# TASK REQUIREMENTS
The stretch wanted below opens at the line containing "View of the" and closes at the line containing "Introduce la pirámide". Please return it exactly, with no other lines.

# MATERIALS PROVIDED
+ + + +

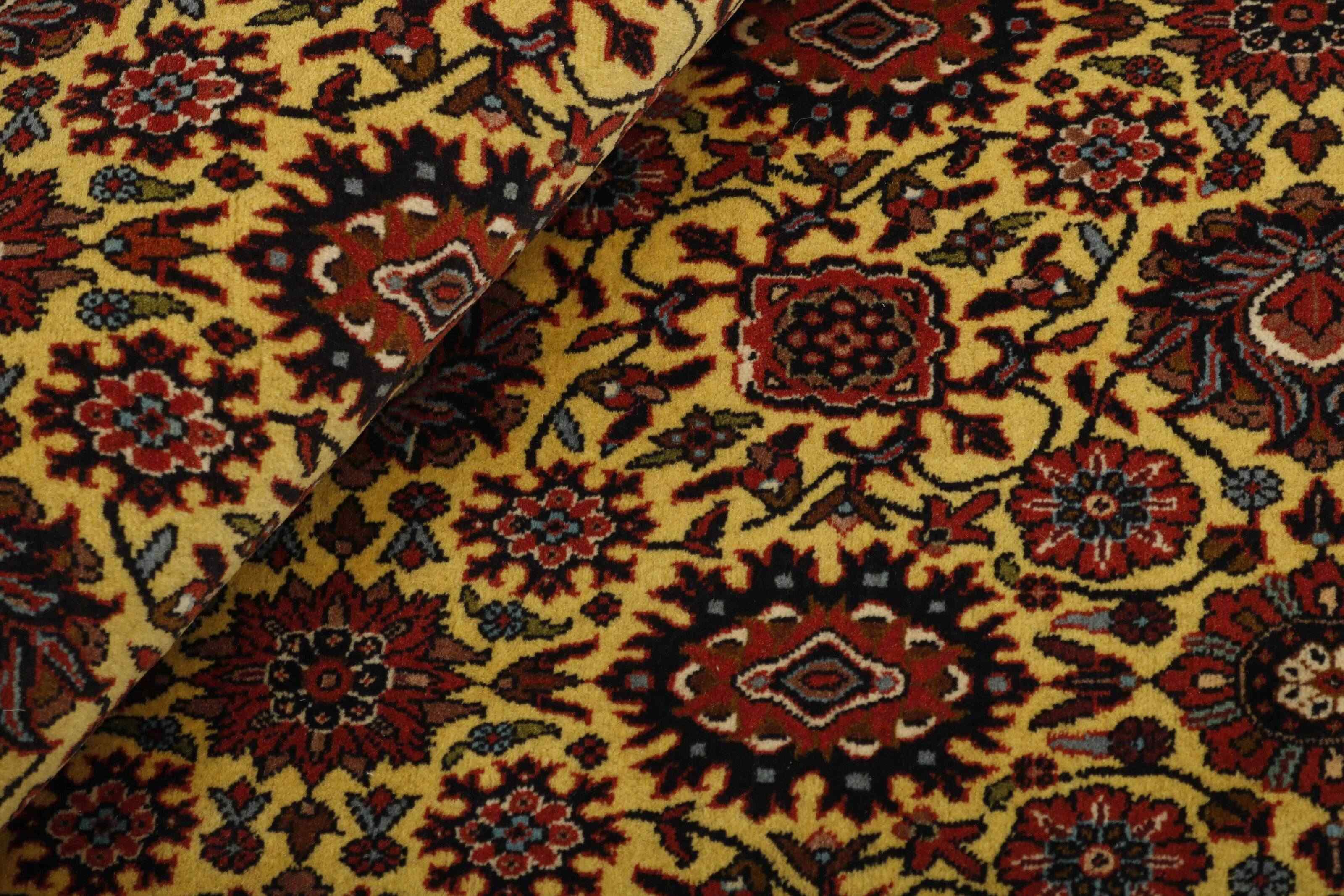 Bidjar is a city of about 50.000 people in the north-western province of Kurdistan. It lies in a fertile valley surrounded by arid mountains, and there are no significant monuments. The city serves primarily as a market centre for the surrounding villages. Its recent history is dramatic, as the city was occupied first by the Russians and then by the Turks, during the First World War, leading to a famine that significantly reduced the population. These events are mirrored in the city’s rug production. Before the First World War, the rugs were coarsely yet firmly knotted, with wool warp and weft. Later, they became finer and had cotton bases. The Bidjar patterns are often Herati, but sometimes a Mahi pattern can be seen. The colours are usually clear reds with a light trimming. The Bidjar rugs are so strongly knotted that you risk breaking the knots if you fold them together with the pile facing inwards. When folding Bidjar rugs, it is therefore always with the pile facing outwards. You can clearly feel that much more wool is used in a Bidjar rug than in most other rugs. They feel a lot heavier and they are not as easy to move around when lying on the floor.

+ + + +

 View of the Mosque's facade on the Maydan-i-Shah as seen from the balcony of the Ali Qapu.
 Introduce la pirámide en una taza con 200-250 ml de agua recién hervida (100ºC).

+ + + +

# REPLY
 View of the Mosque's facade on the Maydan-i-Shah as seen from the balcony of the Ali Qapu.
 Introduce la pirámide en una taza con 200-250 ml de agua recién hervida (100ºC).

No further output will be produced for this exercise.